MORE than a third of patients in East Lancashire's hospital beds are well enough to go home, an NHS survey has found.
A one-day study of more than 650 patients found 37 per cent were waiting to be discharged.
An NHS boss today said the findings showed moves to cut a third of the region's beds by 2009 would not damage patient care as wards could see a greater turnaround of people.
But health officials were warned that patients would be sucked into a "black hole" once they left hospital because community services were inadequate.
A team from the Cumbria and Lancashire NHS Strategic Health Authority, which oversees hospitals in the two counties, carried out the survey in February at Blackburn Royal Infirmary, Blackburn Queen's Park Hospital and Burnley General Hospital.

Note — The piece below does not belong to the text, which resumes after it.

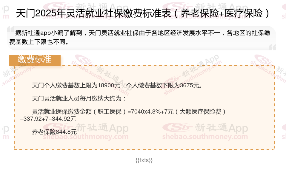 那么,天门自由职业者社保一个月多少钱?根据新社通app-社保缴费查询工具提供的2025社保缴费标准详情数据:

Of the 396 patients counted on the Blackburn sites, 146, or 37 per cent, were found to be medically fit for discharge.
At Burnley 97 out of 262, again 37 per cent, could have gone home on the day, the survey found.

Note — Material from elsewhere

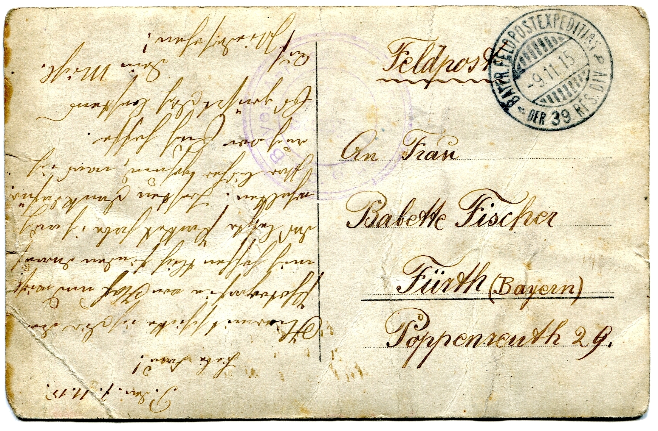 | Beschreibung | Feldpostkarte von Michael Fischer an seine Frau Babette, wohnhaft Poppenreuth, Haus Nr. 29 ("Schwarzer Adler"), 1915 (Rückseite) | ||

Of the total, 27 were waiting for care outside of hospital, either in community hospitals or through social services.
Meanwhile 45 had been given a future date when they could leave while 63 were waiting for hospital services such as a doctor's assessment.
The Trust is to cut 417 inpatient beds, a third, by 2009, with 267 going by April next year.
Dena Marshall, chief operating officer at East Lancashire Hospitals NHS Trust said: "There have been concerns expressed about the bed reductions we are proposing and what we have tried to demonstrate is there are too many patients in hospital who do not need to be there.
"If we get our systems and processes much slicker we believe there are opportunities for reducing beds. This is not about service reduction, it is about changing the way we do things."
Changes to these "systems and processes" include allowing nurses as well doctors to discharge people and getting patients more quickly assessed by a consultant so they can be given the all clear, she said.
She said care outside of hospital must be there to take some patients on, and added: "We need to work with our partners to make sure that if the services aren't in place we have a mechanism for setting them up."
But Caroline Collins, spokesman for the Royal College of Nursing, warned: "The reality is a lot of people need these beds because otherwise they are going out into a great black hole and a revolving door system where they become so ill they come back to hospital."
A breakdown of the 267 bed cuts seen by the Lancashire Evening Telegraph shows 172 are in Burnley General Hospital.
Burnley Council leader Coun Stuart Caddy said: "I am very sceptical about this. You never know from one month to the next what the demand on the hospital is going to be like. We are definitely opposed to the bed cuts."
Tim Ellis, spokesman for Unison, said: "The trust needs to have concrete measures in place which will lead to shorter stays. Anything else will be a threat to health care because people will be waiting for beds or will be discharged early."